Eight months after the Criterion reported that CMU Tech’s “Success Starts With Heart” campaign utilized images generated by artificial intelligence (AI), CMU’s Marketing Department now reports a changed perspective on the ethics of AI.
Despite this claim, the AI-generated advertising for CMU Tech’s HVAC program remains up on the landing page of the CMU Tech website.
When the story first broke in February, Vice President for Communications David Ludlam confirmed that the visuals on CMU Tech’s website were AI renderings meant to represent current students.
CMU Marketing generated additional images to advertise the Culinary Arts program. These drew criticism from students and faculty because of concerns over AI replacing real photography of real students.
Assistant Vice President of Marketing and Brand Strategy Katlin Birdsall said the decision stemmed from limited options when the HVAC program began.
“HVAC is one of our newer programs that’s getting up and running, and so, at the time, it just wasn’t possible to capture our students,” Birdsall said. “As often as we can, we want to take and use photos of our students, but there are times when we’ve used both stock photography or AI-generative images.”
Birdsall did not provide a comment about the Culinary Arts program images. She emphasized that CMU’s newest campaign marks a shift away from the use of AI.
“We launched a new campaign called ‘These Hands’ in August,” she said. “There’s no stock video footage, there’s no AI; it’s all our students.”
“These Hands” is a one-minute commercial. The CMU Tech website main page does not include visuals from the advertisement.
Manager of Video Production, Streaming Distribution and Photography Services Bronson Henriques echoed Birdsall’s sentiments about CMU Marketing trying to focus on authenticity now.
“We want it to be authentic. We want it to be our people,” Henriques said. “If we end up using AI, let’s have an understanding as to why we did that and see if the justification makes sense.”
He added that student creativity continues to be integral to CMU Marketing’s branding efforts.
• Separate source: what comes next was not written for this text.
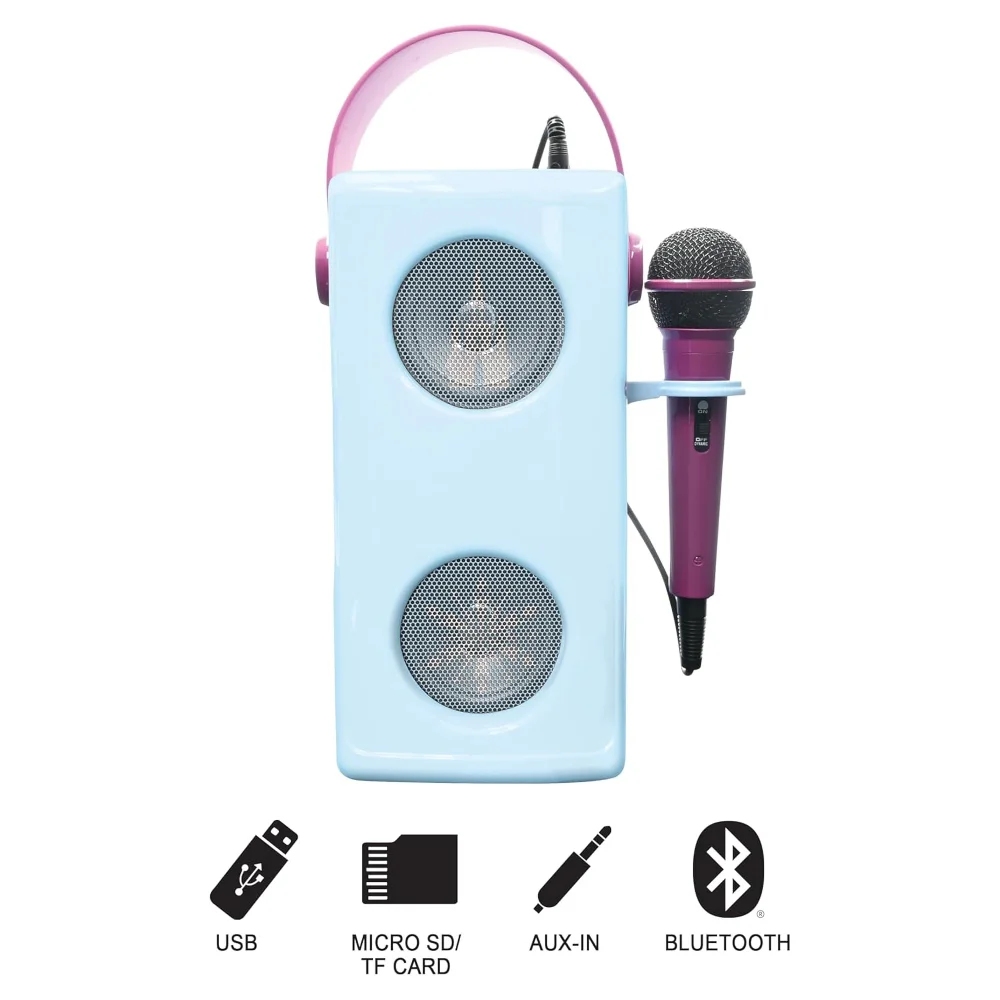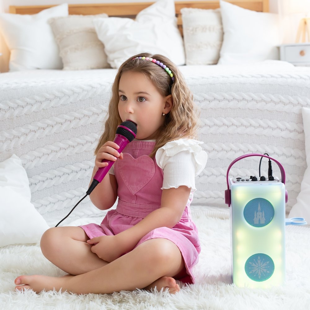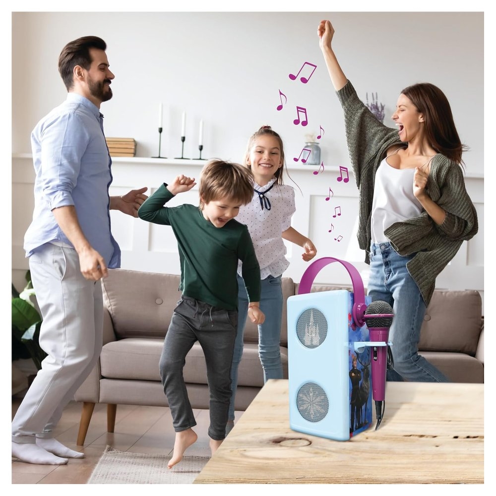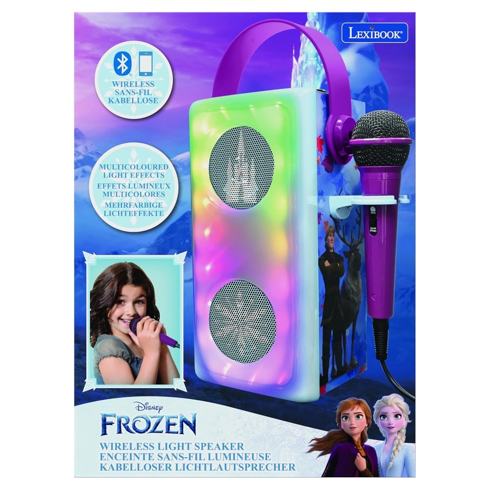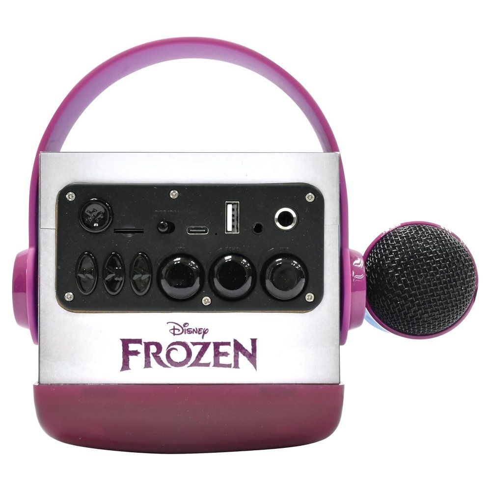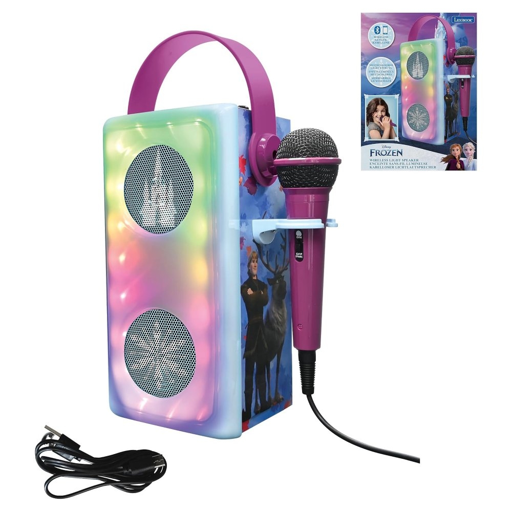Skvělý způsob, jak dětem dopřát karaoke zábavu s vlastním hudebním výběrem! Tento reproduktor pro děti lze spárovat pomocí Bluetooth® 5.0, má USB port pro připojení USB disku (disk není součástí balení) a slot pro SD/TF karty až do 32 GB (karta není součástí balení), což nabízí široké možnosti připojení hudby. Audio zařízení lze také připojit pomocí vstupního konektoru AUX-in a kabelu (součástí balení). Mikrofon s nastavitelným efektem ozvěny a ovládáním hlasitosti je součástí balení. Barevné LED diody skvěle podpoří atmosféru a praktická rukojeť usnadní přenášení.Vestavěnou dobíjecí baterii snadno nabijete pomocí micro USB kabelu typu C (součástí balení) nebo USB adaptéru (není součástí balení).Zpívání pozitivně podporuje sebevyjádření dětí, což jim pomáhá rozvíjet jejich emocionální a komunikační dovednosti. Navíc je to skvělý způsob, jak do hry přidat hudební prvek.Klíčové vlastnosti2 reproduktory s drátovým mikrofonem Ledové královstvíSkvělý doplněk pro dětskou karaoke zábavuPusťte dětem jejich oblíbenou hudbuBezdrátová funkce Bluetooth® 5.0 pro připojení telefonů, tabletů a dalších audio zařízení (zařízení nejsou součástí)Slot na paměťové micro karty SD/TF až do 32 GB (karty nejsou součástí)USB port pro flash disk (disk není součástí)3,5mm vstupní konektor AUX-in a AUX-in kabel (součástí balení) pro přehrávání MP3 souborů z externích audio zařízení (zařízení nejsou součástí)Barevné světelné efektyEfekt ozvěny hlasu na mikrofonuNastavení hlasitosti mikrofonuPraktická rukojeť a držák na mikrofonNapájení: Vestavěná dobíjecí lithiová baterie 1200mAh (součástí balení), nabíjení pomocí micro USB kabelu typu C (součástí balení) nebo USB adaptéru (není součástí balení)

“We can literally show you hundreds of examples of our students who are photographers in our office and their work being used in numerous print materials and on the website,” he said.
From Henriques’ perspective, AI is not a threat, but a neutral tool.
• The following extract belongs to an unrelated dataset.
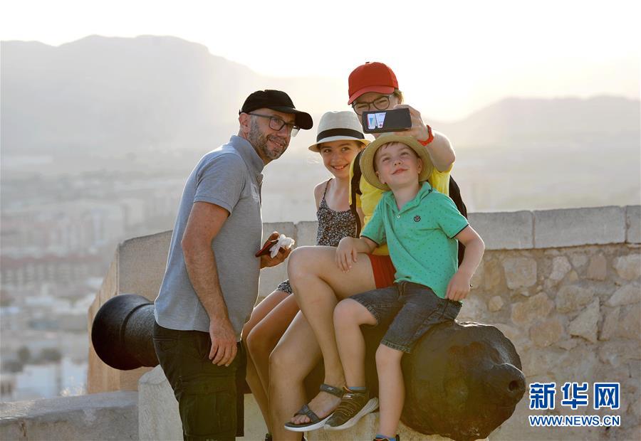 7月28日,游客在西班牙阿利坎特市的圣巴巴拉城堡上自拍。 盛夏时节,西班牙内陆地区持续高温,沿海地区成为人们消暑度假的首选,迎来大批游客。 新华社记者 郭求达 摄
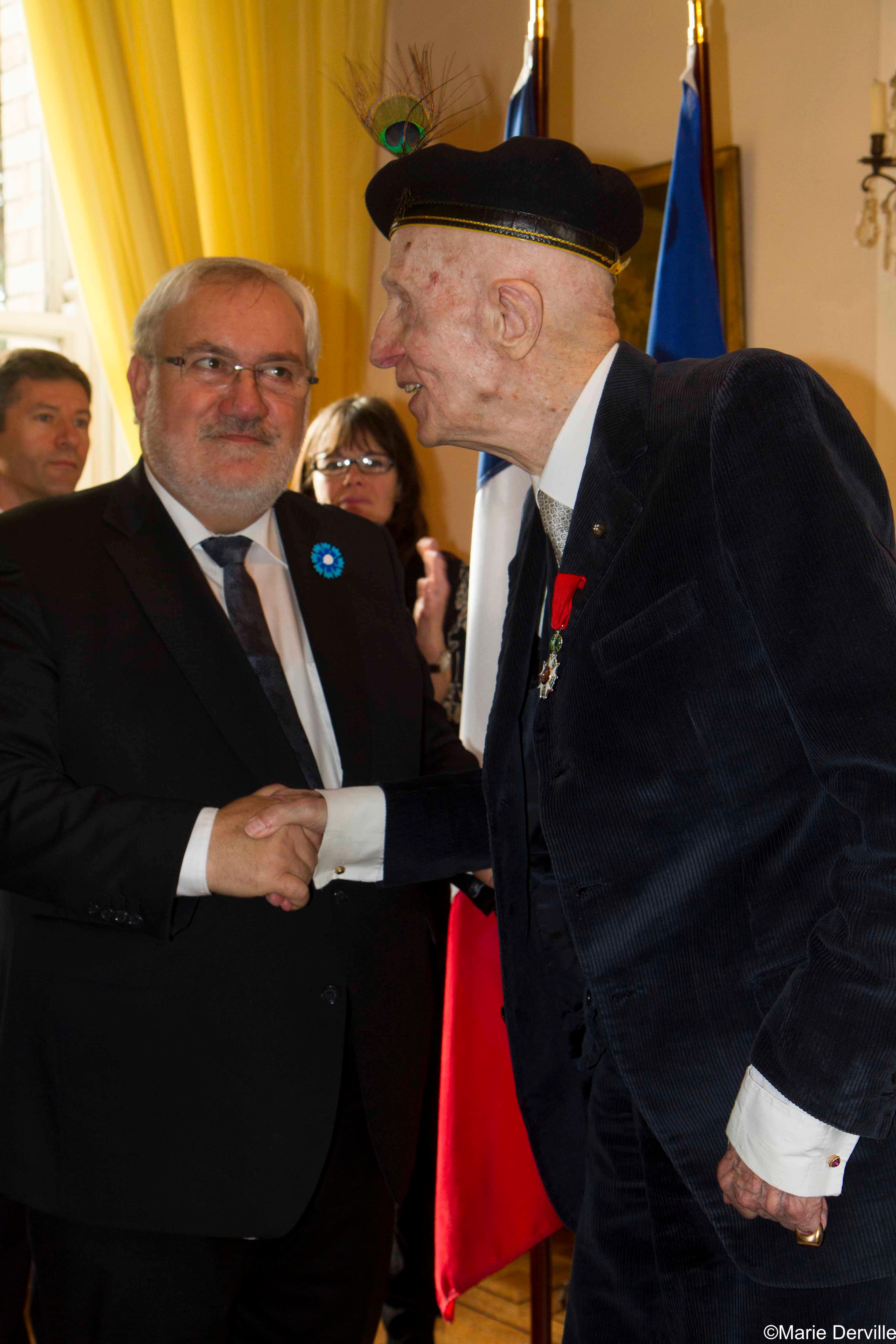 Jean-Marc Todeschini, secrétaire d'Etat chargé des anciens combattants et de la mémoire auprès du ministre de la Défense, a remis lundi 9 novembre la Légion d'honneur à John Leslie, l'un des derniers combattants irlandais enrôlé dans le deuxième bataillon des Irish Guards en Août 1937 et qui a fait partie du corps expéditionnaire britannique qui a débarqué en France en mai 1940.

“If it helps me get the job done more efficiently, I’m all for it,” he said.
CMU Marketing’s revised stance on AI comes alongside a broader campus trend toward incorporating, rather than banning, emerging technology.
Communication Studies Professor Scott Andrews recently led an event to teach other instructors how to use AI in classrooms responsibly as part of a continuing education class for faculty.
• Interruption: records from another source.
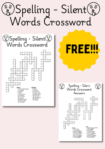 Spelling Silent Words Crossword Teaching Resources
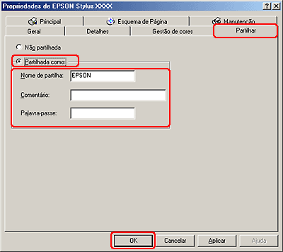 As instruções apresentadas em seguida explicam como configurar a impressora para que possa ser partilhada por outros utilizadores na rede.
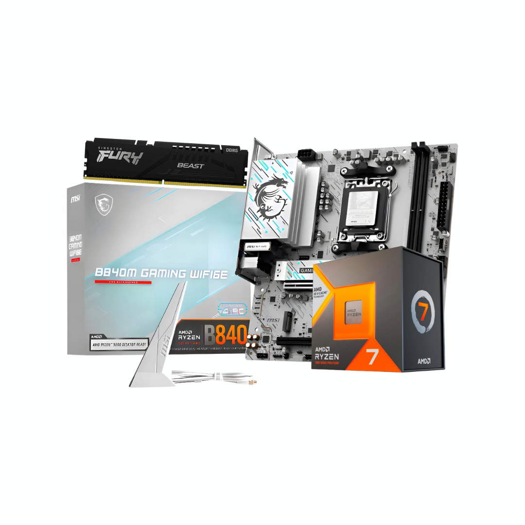 Conteúdo da Embalagem: 1x Processador AMD Ryzen 7 7800X3D (Box), 1x Placa Mãe MSI B840M GAMING WIFI6, 1x Módulo/Kit Memória Kingston 16GB DDR5 5200Mhz.
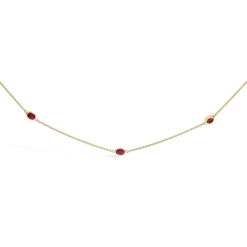 14K Yellow Gold Bezel Set 4x3 mm Oval Red Ruby Station Necklace - 18 Inches Crafted in the lustrous radiance of 14k yellow gold, this station necklace bewitches the senses with its procession of seven vivid red rubies, each cradled in a minimalist bezel setting that enhances the gemstone's natural allure. These oval-cut jewels, measuring 4x3 mm, glisten with an intensified brilliance courtesy of expert heat treatment, offering a bold splash of color that dances captivatingly around the 18-inch cable chain. Secured with a robust lobster claw clasp, this necklace promises both comfort and enduring style, enchanting the wearer with a timeless elegance that complements any ensemble. Imbued with a luxurious charm, it not only adorns the neck but also captures the essence of sophisticated glamour.
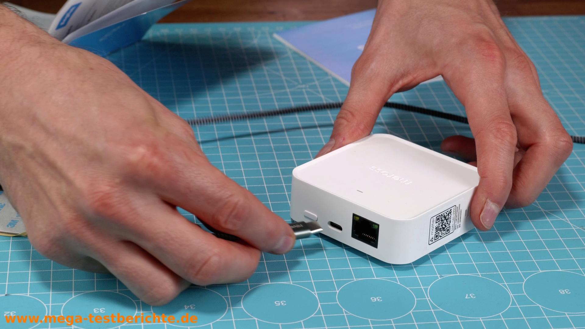 - Hub an den Strom anschließen – er blinkt grün und orange.
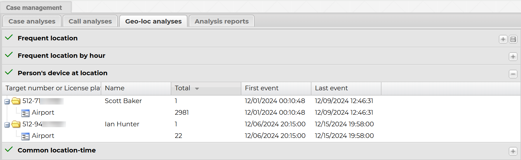 This topic details how to view which of the target locations a person was at during the time period specified in the target location. The analysis is based on geo-location files.

“We owe it to students to help them be even better qualified to be out there in the real world,” Andrews said. “We can’t avoid it. We’ve got to use it and show them how to use it.”
He argued that forbidding the technology entirely leaves students unprepared.
“If we ban it, then you’re disadvantaging the student, because their competitors are using it,” Andrews said.
At a previous continuing education class, professor of film, animation and photography Evan Curtis told faculty that younger artists often fear AI. According to Curtis, design students are beginning to view it differently this semester.
“Young artists are immediately going to see it as a threat they do not understand, but I know the graphic design students are using it well,” Curtis said.
That sentiment aligns with CMU’s current goals: encouraging students to experiment with new tools while maintaining transparency about their use.
Both marketing staff and professors said education, not avoidance, will determine whether AI strengthens or weakens creative work.
Henriques compared the university’s adjustment to any technological shift.
“The market will call you out when you’re making a mistake, whether that mistake is using AI or something else,” he said. “If the market says you’re inauthentic for using these AI photos, then we learn from it and course correct.”
Images that are not AI-generated continue to appear in new university advertising materials, such as the recent “Featherstone University” commercial.
Despite these changes and CMU Marketing’s nuanced perspective, the AI-generated images from the “Success Starts With Heart” campaign for the HVAC program remain visible on the CMU Tech main webpage with no indication of an update.